I spent a lot of time on line looking at how to put slime in 700c tubes because tube companies didn't sell them. They do sell the 26 inch tubes with the slime already in them.

Slime Tubes Review - a Review of the Slime Flat Resistant Tubes


----------



## Leopold Porkstacker (Apr 21, 2010)

Ahh, _slimed_, not slimmed. I was confused at first.


----------



## Anthony King (Aug 29, 2010)

Has anyone put calipers on their 2.5 hookworms to find the actual measurement? I'm curious because I have 2.35 Big Apples and there is less than 10mm between the front of the rear tire and the fender (SKS P65). Plenty of extra room on my fork. I'm wondering if I got shorted a little on my rear tire clearance. Isn't the BD advertised to fit 2.5's w/ fenders?


----------



## Saddle Up (Jan 30, 2008)

Leopold Porkstacker said:


> The 26"x2.5" Maxxis Hookworms are pretty awesome. I have them on my Big Dummy mounted to 65mm wide Surly Large Marges. I'm always impressed with their ability to take corners in wet and loose conditions on and off road without understeering. Really rugged construction too, although I run mine with Stan's goop inside them since a goathead (tribulus terrestris) thorn is capable of flatting them.


Did you have to remove the canti brake posts to get the large marge rims to fit?


----------



## Leopold Porkstacker (Apr 21, 2010)

Saddle Up said:


> Did you have to remove the canti brake posts to get the large marge rims to fit?

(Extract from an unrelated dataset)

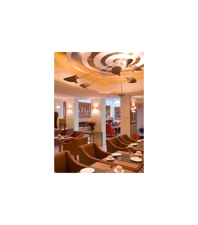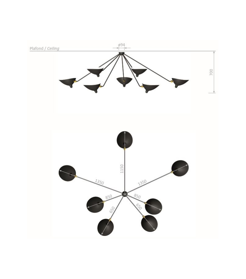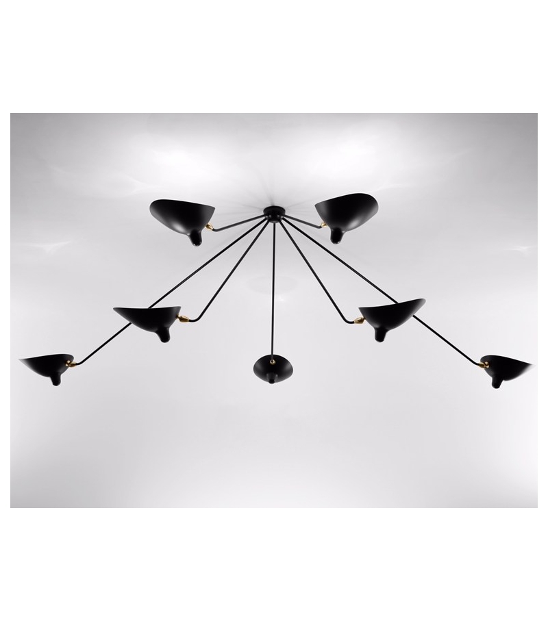 Ceiling Lamp "Spider" 7 Still Arms designed by Serge Mouille is a ceiling lamp, the original 1953 model reissue. It have 7 rods steel painted black, the reflectors made of black lacquered aluminum with white interiors, the joints of brass. Light bulbs: E27 7x42W
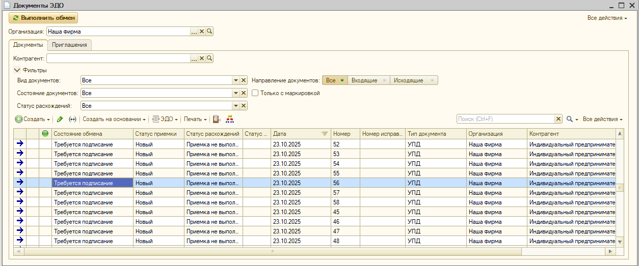 На данный момент реализована загрузка УПД, УКД и Произвольных документов, через команду "Выполнить обмен".

No, not for the Large Marges+Hookworms, however, I did have remove them to fit the 26"x3" Duro Razorbacks.


----------



## SRALPH (Jun 27, 2008)

*Removal of canti posts*



Saddle Up said:


> Did you have to remove the canti brake posts to get the large marge rims to fit?


Not the full post, but I did grind off the little tabs with the holes and unscrewed the posts. I left the rest (threaded holes) as they can be useful to bolt stuff on the bike


----------



## Vermont29er (May 27, 2006)

Looks like a spam-bot thinks a thread about Big Dummies is related to weight loss rft:


----------



## Raider47 (Apr 29, 2012)

I'm resurrecting this thread because I'm looking for the same thing. I am leaning toward the hookworm which I can get online for 35 each. I am also considering Surly extraterrestrials which I can get locally for 67 each. I expect to ride 90% street, 10% dirt road. Nothing technical. Mostly 2 up. Any reason to pay double for the Surlys?

Edit: I have the stock Kenda Kiniption tires on now, how about just swapping the front tire out with the Extraterrestrial for better dirt road control?


----------



## NordicNorm (Jul 25, 2014)

Always glad to see Dummy love, even old threads. +1 on hookworms, though I've had great luck and sweet cush with Conti Town and Country (luck = no blowouts despite the scary looking sidewall cracks on every pair I've used.)


----------



## SRALPH (Jun 27, 2008)

Wow, blast from the past thread! I'm still running Hookworms on Surly Large Marge rims. I did grind the caliper spring tabs off the brake posts and removed the thread in posts before repainting the frame. I'm running the Hookworms with slime in the tubes...one flat since I put the bike together in 2010/2011. Great tires, highly recommended


----------



## Vermont29er (May 27, 2006)

I've put close to 1000 miles on a pair of the Extraterrestrials this summer and LOVE them. They're the perfect Big Dummy tire. They just barely clear the chain in the lowest gear on Gordo rims. Nice sturdy construction. I run them at 40psi and they roll really well yet have just enough give to take the edge off, both unloaded and loaded with my 5yo daughter on the back. They do very well on dirt roads too.


----------



## Volsung (Nov 24, 2011)

I used to run Hookworms on 47mm rims. I found them too tall and it raised the center of gravity too much. Running some 2.15 Marathon Almotions right now and they're a bit better. If Surly updated the geometry to have a more reasonable bottom bracket drop I'd consider running taller tires.


----------



## NordicNorm (Jul 25, 2014)

Vermont29er said:


> I've put close to 1000 miles on a pair of the Extraterrestrials this summer and LOVE them. They're the perfect Big Dummy tire. They just barely clear the chain in the lowest gear on Gordo rims. Nice sturdy construction. I run them at 40psi and they roll really well yet have just enough give to take the edge off, both unloaded and loaded with my 5yo daughter on the back. They do very well on dirt roads too.


Which Gordo? Love to see clearance pics. thanks


----------



## Raider47 (Apr 29, 2012)

Volsung said:


> I used to run Hookworms on 47mm rims. I found them too tall and it raised the center of gravity too much. Running some 2.15 Marathon Almotions right now and they're a bit better. If Surly updated the geometry to have a more reasonable bottom bracket drop I'd consider running taller tires.


By reasonable bottom bracket drop, do you mean lower? Didn't Surly raise it for ground clearance to compensate for the long wheelbase?

After checking the weight of Hookworm tires, I am having second thoughts. I live on a big hill and the lower rolling resistance seems like it might not be worth the increased rotational mass.


----------



## Raider47 (Apr 29, 2012)

NordicNorm said:


> Which Gordo? Love to see clearance pics. thanks


+1
I have Alex Adventurer rims, 29mm I think.


----------